In FCA Settlement Over Split/Shared Visits, Conn. Hospital, Medical Group Pay $560,718

When physician Arina Cadariu was an employee of Northeast Medical Group Inc. in Connecticut, she realized her name was allegedly being inserted as the billing provider for services performed at Bridgeport Hospital by midlevel providers. To put an end to it, Cadariu went into the electronic medical records and removed her name as the billing provider if she had “no involvement with the patient,” according to her whistleblower lawsuit, which alleges violations of the split/shared billing rules.[1] After she fixed the charts, Cadariu assumed Northeast Medical would bill Medicare accurately, she said. Instead, its coders allegedly changed the name “in the billing provider’s box back to Dr. Cadariu.”

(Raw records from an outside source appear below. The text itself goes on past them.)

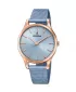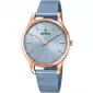 Štýlový model na každodenné nosenie poteší oceľovým puzdrom, ktoré je vybavené PVD povrchovou úpravou vo farbe ružového zlata. Ciferník je veľmi prehľadný. K dispozícii sú ručičky a indexové hodiny, ktoré sú v elegantnom dizajne. Řemínek je potažená povrchovou úpravou v modrej farbe. Každá žena miluje doplnky a šperky a tieto hodinky sa k nim dokonale hodia.
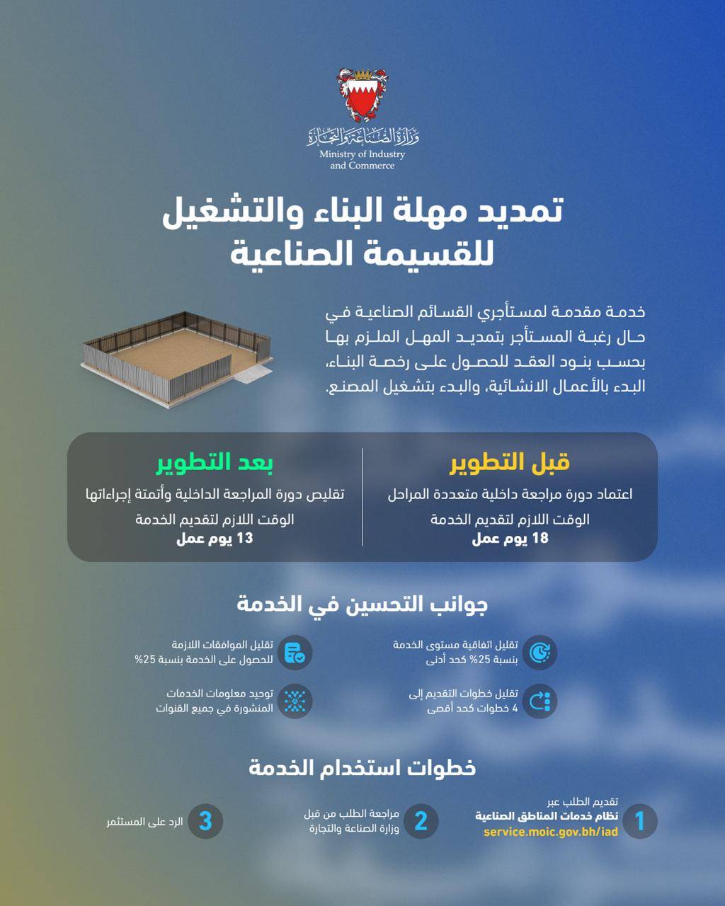 في إطار الجهود الحكومية لتطوير جودة الخدمات وإعادة هندستها، طوّرت وزارة الصناعة والتجارة خدمة تمديد مهلة البناء والتشغيل للقسيمة الصناعية، وتتيح هذه الخدمة لمستأجري القسائم الصناعية التقدم بطلب تمديد المهل الزمنية الة ببنود العقد، بما يشمل المدد اللازمة للحصول على رخصة البناء، والبدء بالأعمال الإنشائية، والشروع في تشغيل المصنع، وفق الضوابط المعتمدة، وذلك ضمن مساعيها المستمرة للارتقاء بمستوى الخدمات المقدمة وتعزيز كفاءة الإجراءات.
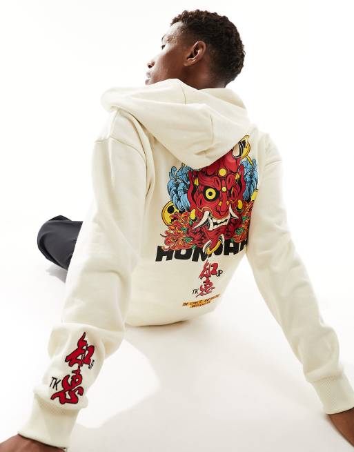 ASOS DESIGN Felpa con cappuccio oversize beige con stampa di Very well made.
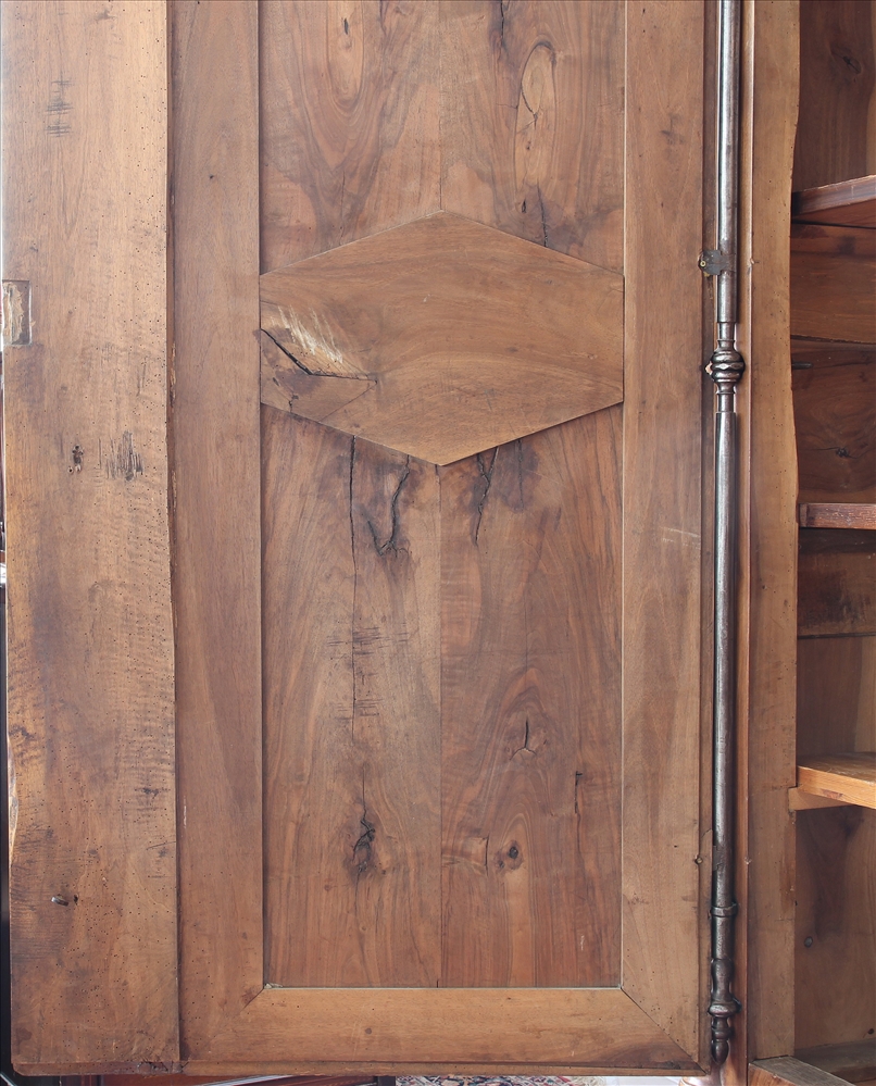 18. Jh. Nußbaum. Zweitürig mit einer unteren Schublade und überkragendem Steckgesims. Vorne gedrehte Füße und seitliche Halbsäulen. Originale Beschläge und durchgehende Eisenbänder, Schloß neuer. Größe ca. 174 x 69 cm, Höhe ca. 232 cm. Altersbedingter Zustand mit Wurm (aktiv) wie abgebildet. Komplett zerlegbar.
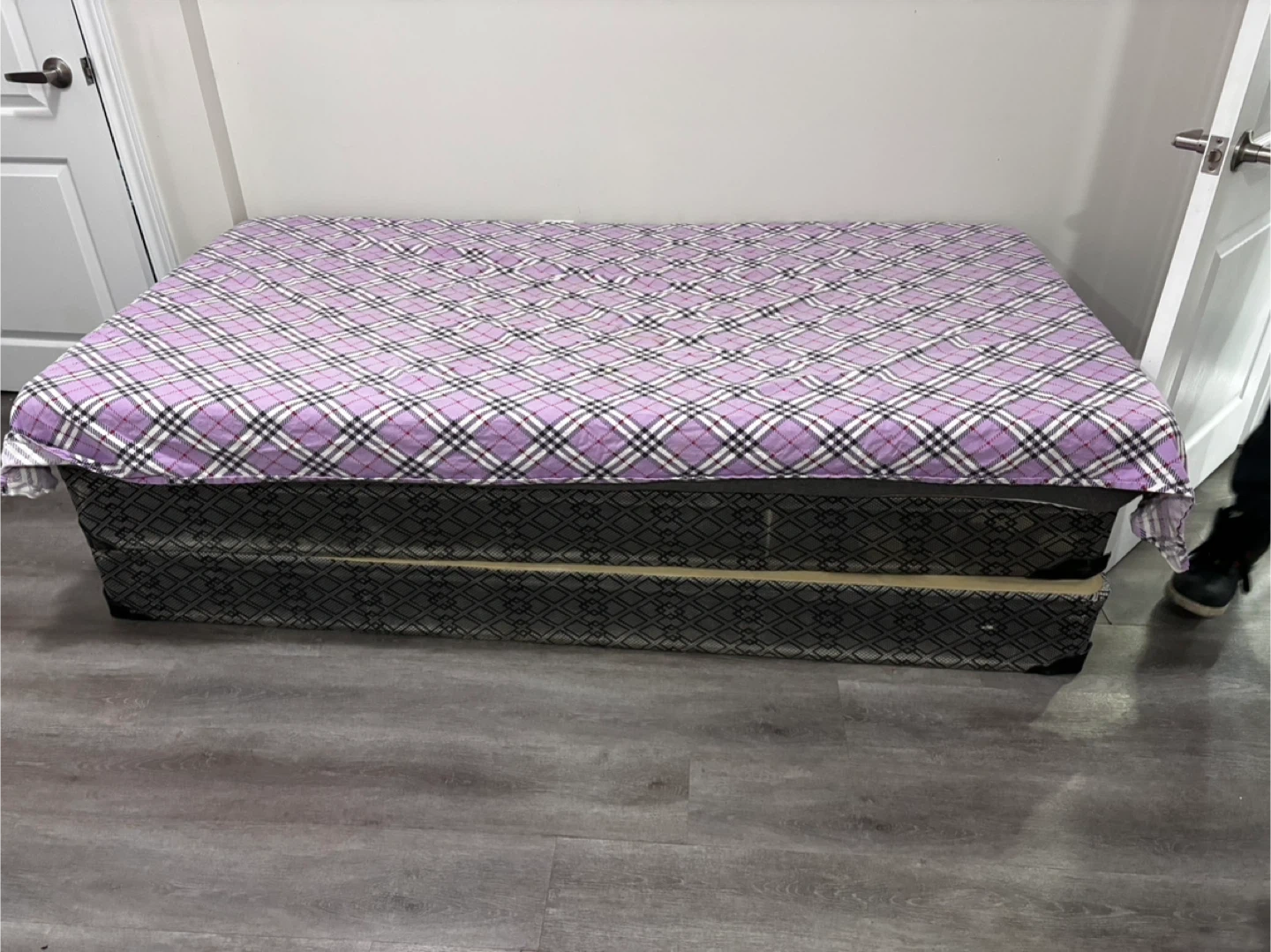 This is a queen-sized mattress and bed frame set. The mattress is covered with a light purple plaid throw. The bed frame has a patterned grey fabric.
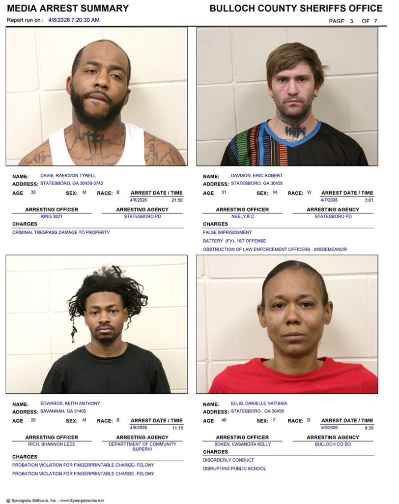 These records are matters of public information provided by the Bulloch County Sheriff’s Office. Booking reports are details of arrests only. All persons below are considered to be innocent unless proven otherwise in a court of law.

Now, in apparently the first False Claims Act (FCA) settlement over split/shared billing, Northeast Medical and Yale New Haven Health Services Corp., which owns Bridgeport Hospital, have paid $560,718 to settle allegations they submitted false Medicare and Medicaid claims for evaluation and management (E/M) services billed by Northeast Medical hospitalists that should have been billed by midlevel providers at a lower payment rate between July 2014 and June 2020, the U.S. Attorney’s Office for the District of Connecticut and the Connecticut Attorney General said May 9.[2]

With split/shared billing, Medicare pays for an E/M service provided jointly by a physician and midlevel provider (e.g., nurse practitioner and physician assistant) at an institution (e.g., hospital). The Medicare manual provision in effect at the time of the alleged violations required physicians to have face-to-face encounters with the patients to bill 100% of the Medicare Physician Fee Schedule (MPFS) for split/shared visits. Otherwise, the E/M services had to be billed by the midlevels at 85% of the MPFS.